The input:

----------

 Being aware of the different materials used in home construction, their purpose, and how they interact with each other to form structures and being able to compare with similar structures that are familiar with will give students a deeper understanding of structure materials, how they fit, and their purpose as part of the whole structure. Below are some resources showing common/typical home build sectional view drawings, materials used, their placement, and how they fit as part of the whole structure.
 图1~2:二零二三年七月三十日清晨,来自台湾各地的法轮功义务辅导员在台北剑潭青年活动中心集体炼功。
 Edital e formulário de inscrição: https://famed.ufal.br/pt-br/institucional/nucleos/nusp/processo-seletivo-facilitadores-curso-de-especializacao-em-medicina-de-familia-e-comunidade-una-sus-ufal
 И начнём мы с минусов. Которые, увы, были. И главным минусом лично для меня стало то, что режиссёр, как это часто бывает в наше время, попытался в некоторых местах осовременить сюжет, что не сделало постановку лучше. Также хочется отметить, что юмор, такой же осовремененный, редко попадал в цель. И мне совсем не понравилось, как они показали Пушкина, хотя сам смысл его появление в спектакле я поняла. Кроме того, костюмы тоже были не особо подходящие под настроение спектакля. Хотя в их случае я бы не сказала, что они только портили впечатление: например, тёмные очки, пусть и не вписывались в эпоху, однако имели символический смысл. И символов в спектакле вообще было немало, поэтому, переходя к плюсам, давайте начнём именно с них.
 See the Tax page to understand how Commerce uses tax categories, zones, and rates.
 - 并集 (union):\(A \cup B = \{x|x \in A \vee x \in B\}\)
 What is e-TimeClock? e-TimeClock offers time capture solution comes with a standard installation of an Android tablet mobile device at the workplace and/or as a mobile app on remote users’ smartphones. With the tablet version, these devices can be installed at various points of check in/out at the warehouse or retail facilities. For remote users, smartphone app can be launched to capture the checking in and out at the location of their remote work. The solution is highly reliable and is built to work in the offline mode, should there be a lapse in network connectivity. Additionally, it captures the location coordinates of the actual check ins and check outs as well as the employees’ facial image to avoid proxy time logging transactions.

----------

About this task: Return exactly what appears above, from the first line of the entries to the line with "See the Tax", inclusive.

Expected output:
 Being aware of the different materials used in home construction, their purpose, and how they interact with each other to form structures and being able to compare with similar structures that are familiar with will give students a deeper understanding of structure materials, how they fit, and their purpose as part of the whole structure. Below are some resources showing common/typical home build sectional view drawings, materials used, their placement, and how they fit as part of the whole structure.
 图1~2:二零二三年七月三十日清晨,来自台湾各地的法轮功义务辅导员在台北剑潭青年活动中心集体炼功。
 Edital e formulário de inscrição: https://famed.ufal.br/pt-br/institucional/nucleos/nusp/processo-seletivo-facilitadores-curso-de-especializacao-em-medicina-de-familia-e-comunidade-una-sus-ufal
 И начнём мы с минусов. Которые, увы, были. И главным минусом лично для меня стало то, что режиссёр, как это часто бывает в наше время, попытался в некоторых местах осовременить сюжет, что не сделало постановку лучше. Также хочется отметить, что юмор, такой же осовремененный, редко попадал в цель. И мне совсем не понравилось, как они показали Пушкина, хотя сам смысл его появление в спектакле я поняла. Кроме того, костюмы тоже были не особо подходящие под настроение спектакля. Хотя в их случае я бы не сказала, что они только портили впечатление: например, тёмные очки, пусть и не вписывались в эпоху, однако имели символический смысл. И символов в спектакле вообще было немало, поэтому, переходя к плюсам, давайте начнём именно с них.
 See the Tax page to understand how Commerce uses tax categories, zones, and rates.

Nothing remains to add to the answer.